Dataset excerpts
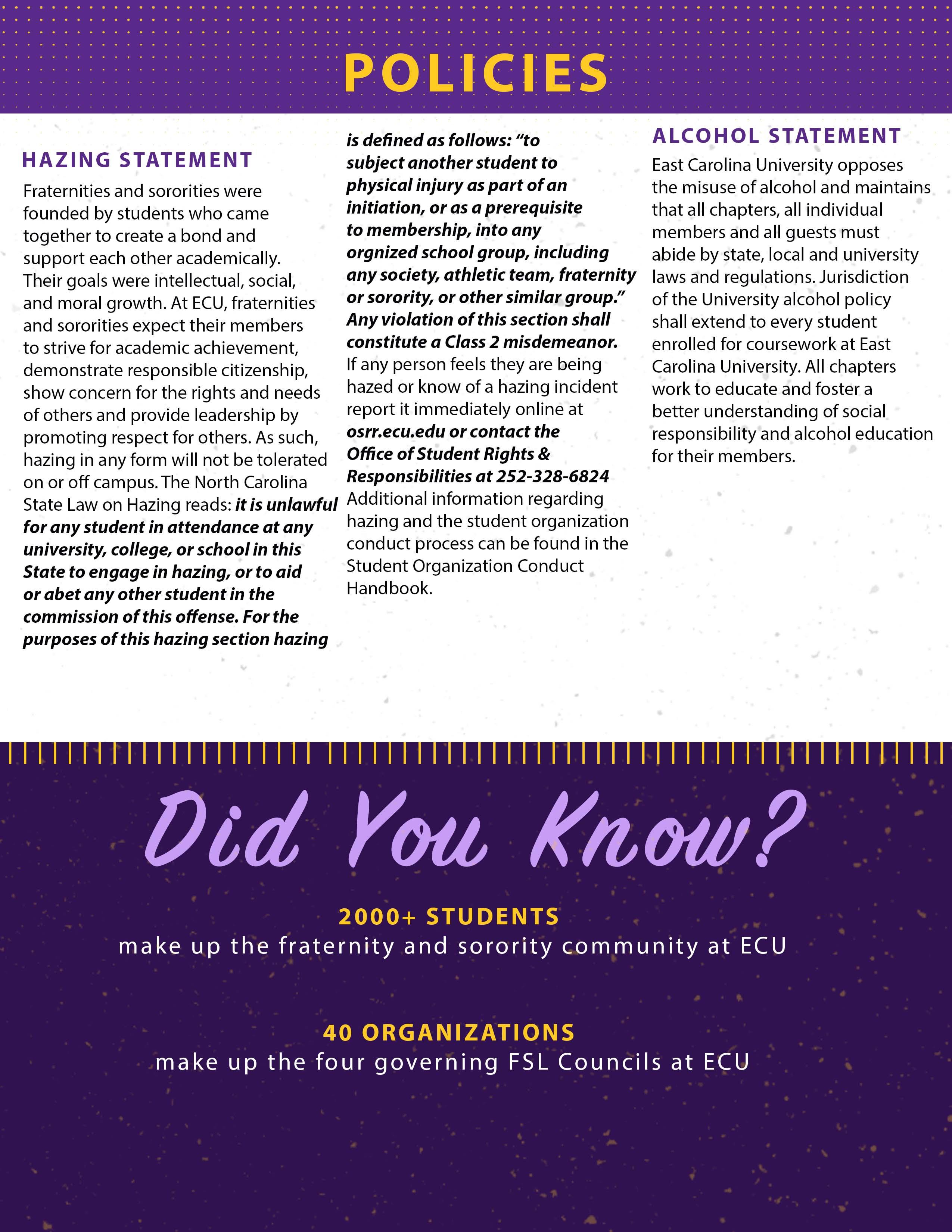 It's important to understand that hazing at East Carolina University WILL NOT be tolerated and all students should feel safe joining and maintaining membership. However, hazing can occur in any student organization, including Greek organizations. If you ever feel that your student may be participating in inappropriate activities regarding hazing, encourage them to complete an incident report with ECU's Office of Student Rights and Responsibilities.
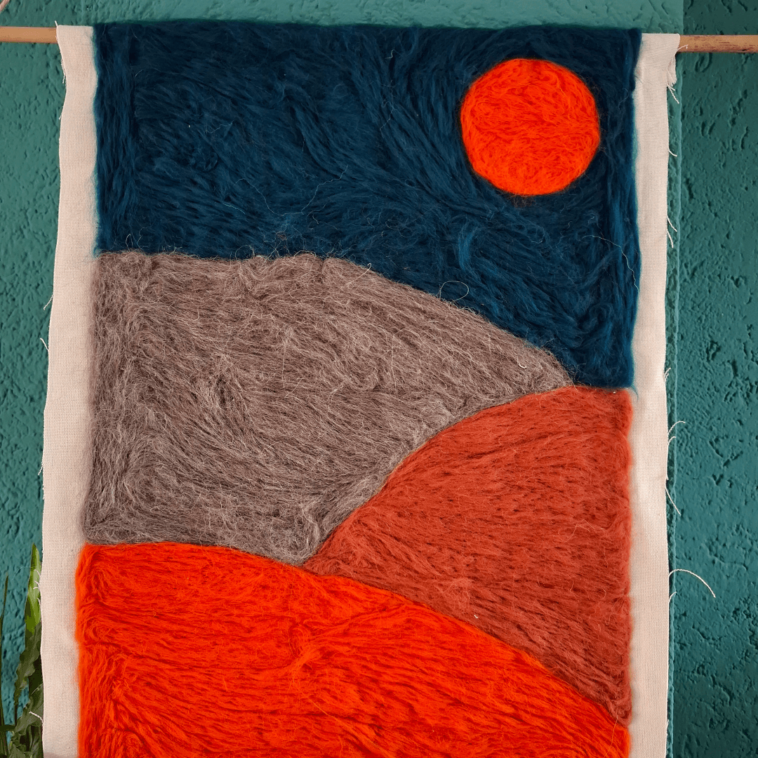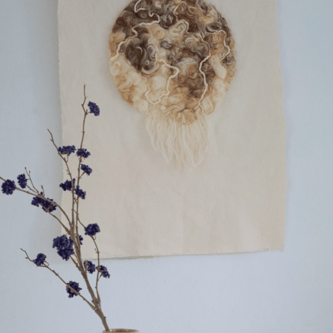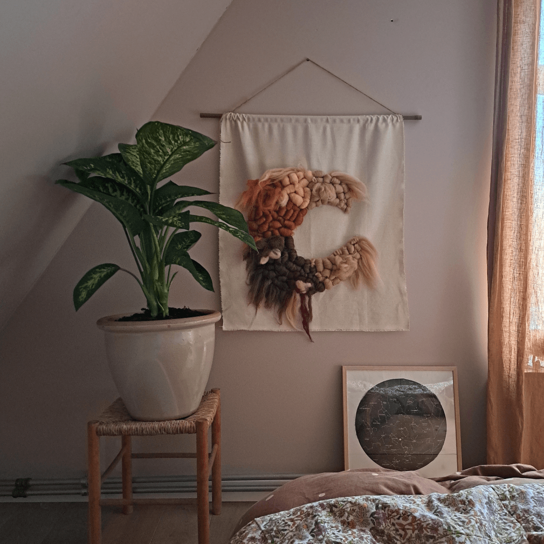 Het is een ideale stof om te combineren met lontwol. Je kunt de wol erop lijmen of prikvilten. Deze stof zit ook in de complete box “Wanpaneel van lontwol”.
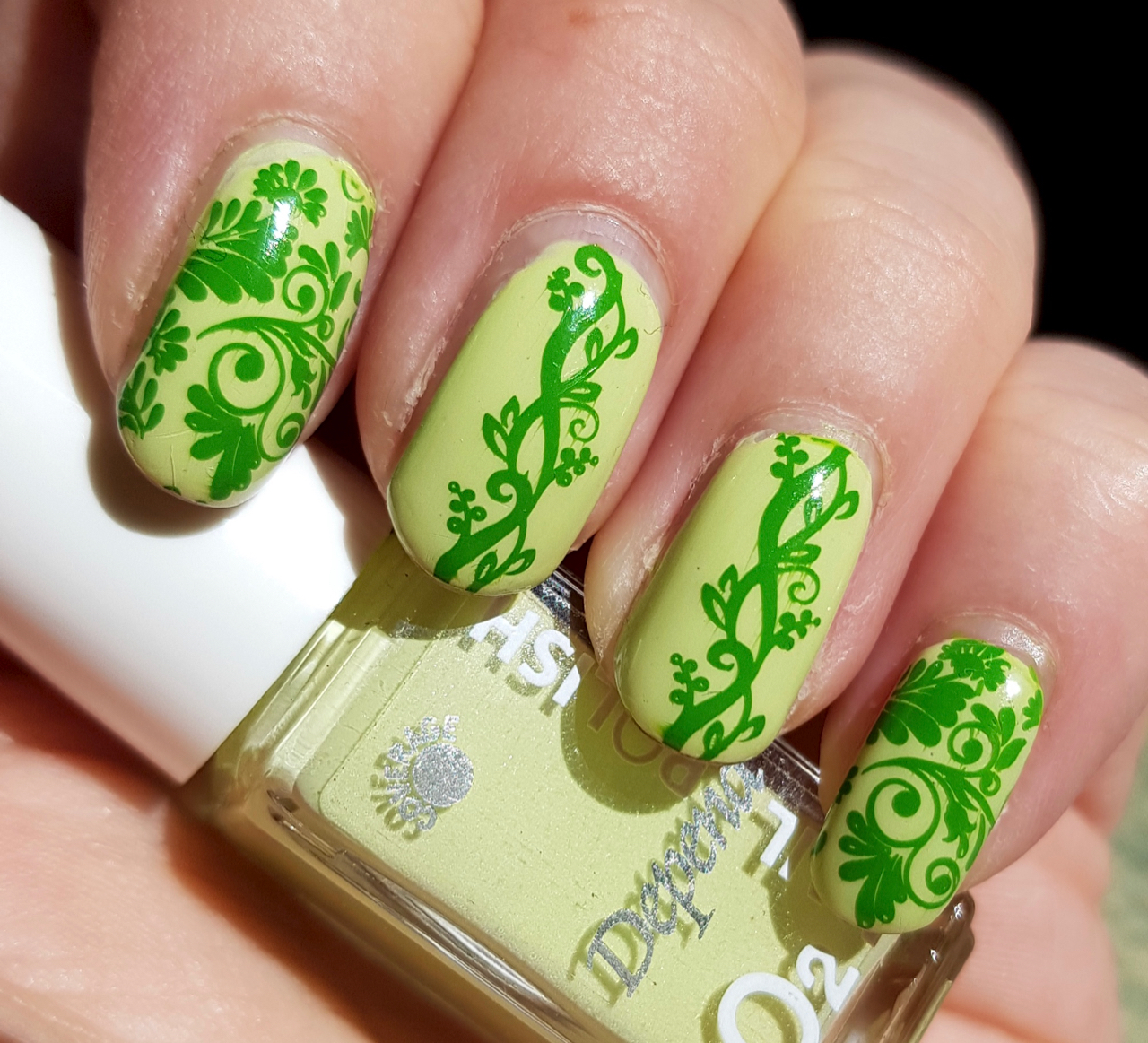 Jag stämplade med ett grönt lack från Beauty Big Bang och använde plattan Lesly Ornate. Äntligen funkade stämplingen igen! Jag vet inte riktigt vad som har strulat, men jag har inte fått till stämplingen på ganska länge. En fundering jag har haft är att det har att göra med den torra luften under vintern, men det kan också vara jag som tappade tekniken ett tag.
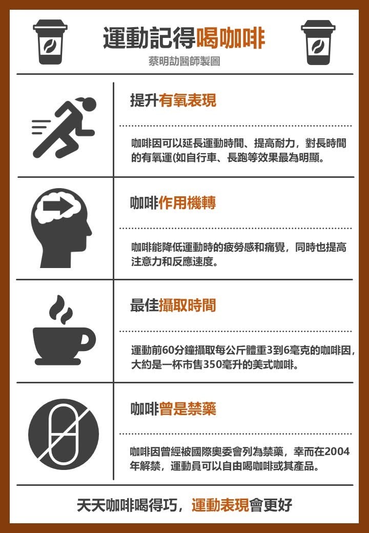 總之,咖啡應該是世界上最多相關研究的「運動補充品」,其他相關資料我會列在留言處。如果你跟蔡醫師一樣想要積極提升運動表現,咖啡這麼好的東西還不喝爆?
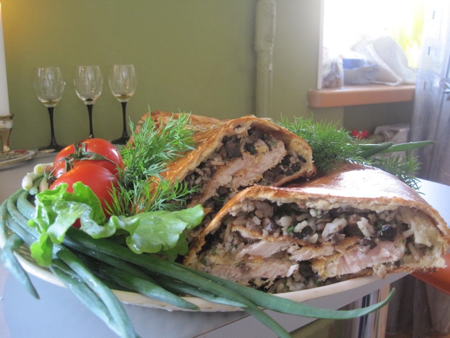 Мясной рулет с грибами и рисом
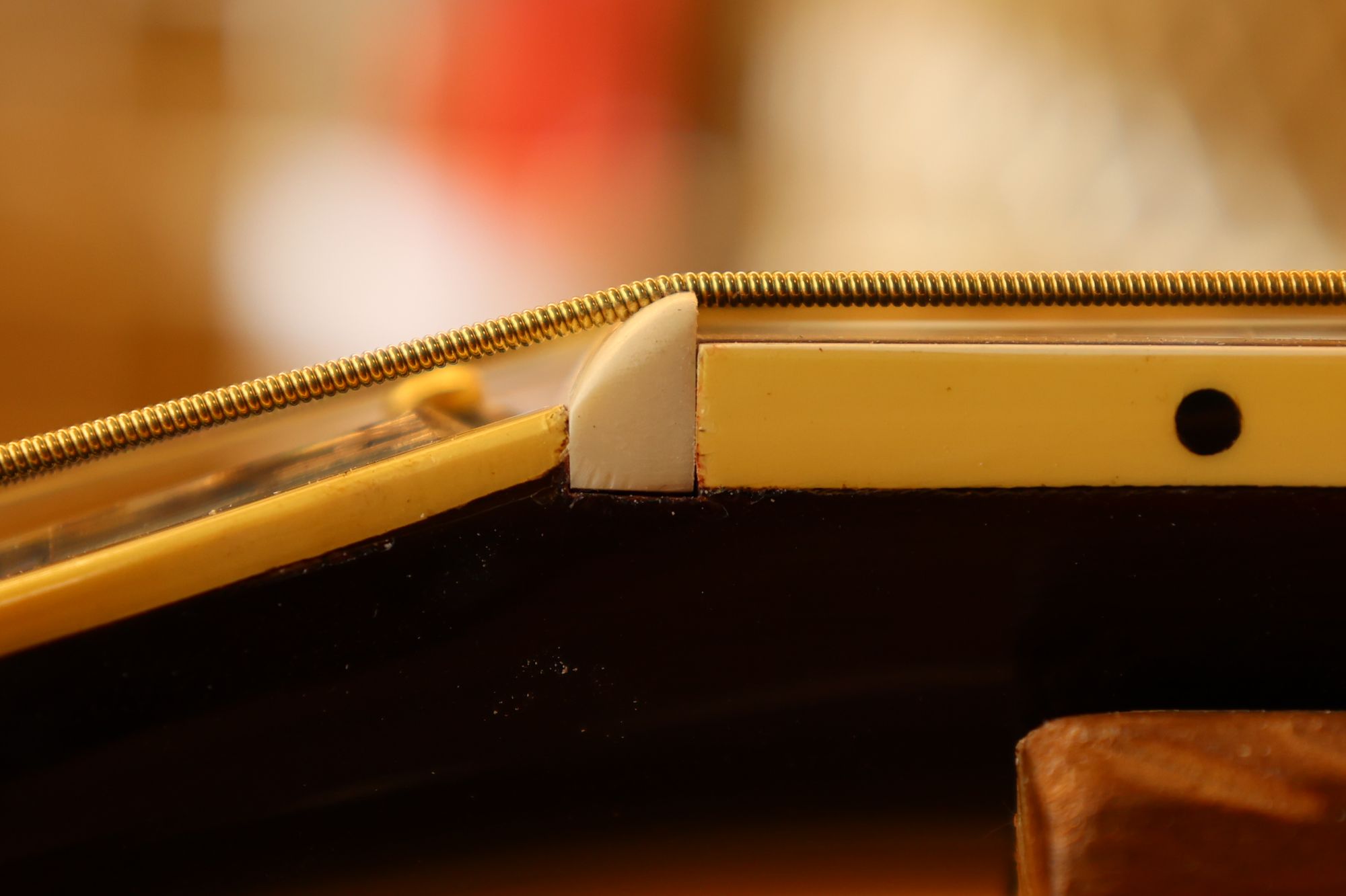 ボディトップのピック打痕は綺麗に修復され、フレットもピカピカでエッジ仕上げも良い感触です。
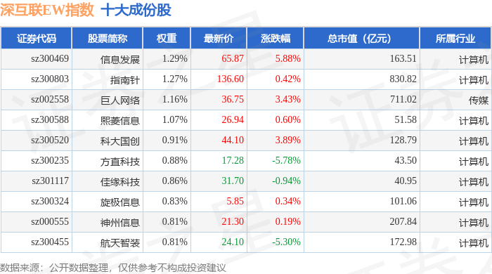 深互联EW(399677)指数十大成份股详情如下:
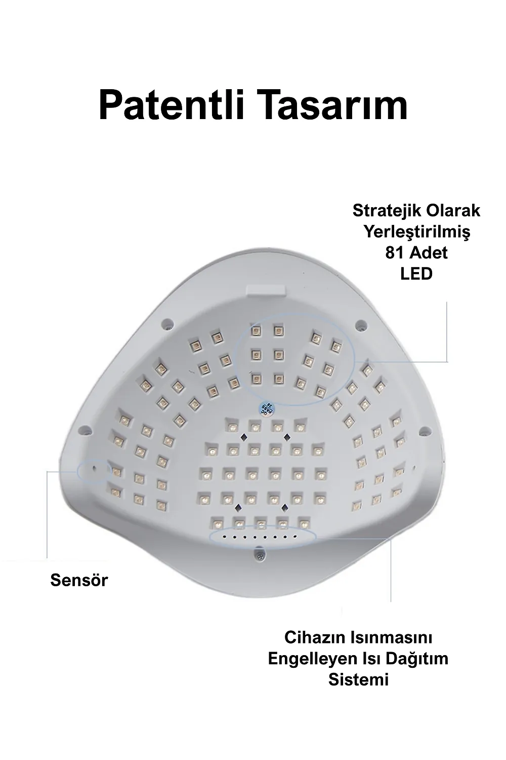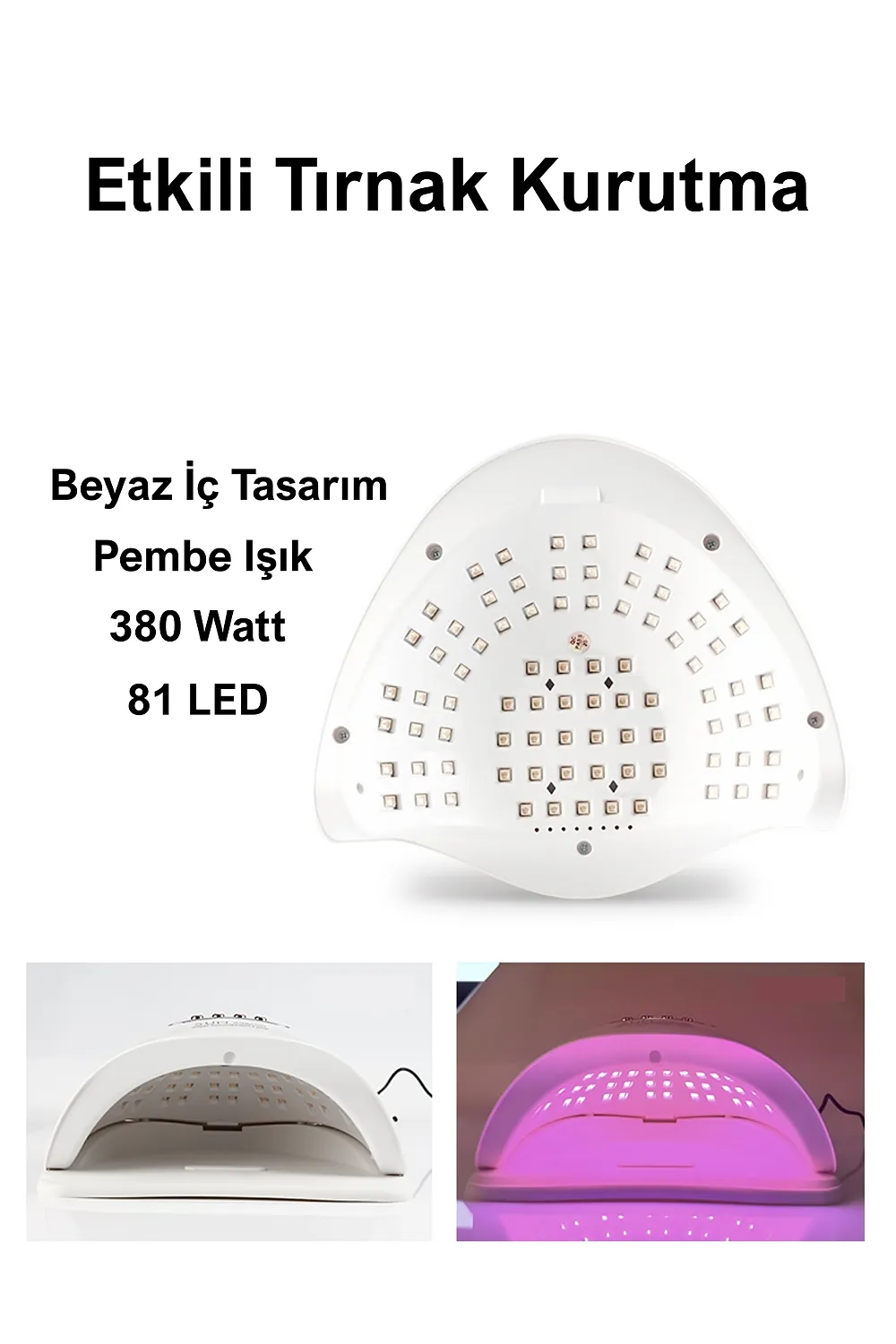 Profesyonel UV LED Kalıcı Oje Protez Tırnak Kurutucu; 72 adet stratejik olarak yerleştirilmiş LED lamba ile kör nokta kalmaz ; 320 W çıkış gücü sayesinde her türlü kalıcı oje için uygundur.; ; Zaman ayarlaması için lütfen oje üreticisi ile görüşünüz.; ; Akıllı sensör sayesinde kullanımı kolaydır.; ; Otomatik sensör 120 saniyeye ayarlıdır.10-30-60 ve 99 olmak üzere seçilebilir 4 zaman fonksiyonu vardır.; ; Kalan zaman dijital olarak gösterilir.; ; Eğer tırnaklarınız çok hassas ise 99 saniye fonksiyonunu seçmeniz tavsiye edilir.; Bu zaman ayarında cihaz düşük güç modunda çalışır ve tırnaklarınız acımaz.; Ancak ojenin içeriğine göre kuruması için 2 kere kullanmanız gerekebilir.; ; UV lamba güneş ışığı gibi cildinizin bronzlaşmasına sebep olabilir.; Bu nedenle UV koruyucu eldiven ve parmak bandı ile ya da GÜNEŞ KREMİ ile kullanmanız tavsiye edilir.; ; LED ömrü 50.000 saattir.; ; UV kurutucu sadece kalıcı oje için uygundur.; Normal oje ile kullanılmaz.; UV kurutucu alt panelinden ayrılarak ayaklar için de kullanılabilir.; ; Ürün temizliğinde kesinlikle sıvı kullanmayınız.; Cihazı tek seferde 600 saniyeden fazla kullanmayın.

#### Work order
Reproduce only the lines from the beginning of the data through the line that contains "Het is een ideale", both included, and please drop the pictures.

#### Exercise solution
 It's important to understand that hazing at East Carolina University WILL NOT be tolerated and all students should feel safe joining and maintaining membership. However, hazing can occur in any student organization, including Greek organizations. If you ever feel that your student may be participating in inappropriate activities regarding hazing, encourage them to complete an incident report with ECU's Office of Student Rights and Responsibilities.
 Het is een ideale stof om te combineren met lontwol. Je kunt de wol erop lijmen of prikvilten. Deze stof zit ook in de complete box “Wanpaneel van lontwol”.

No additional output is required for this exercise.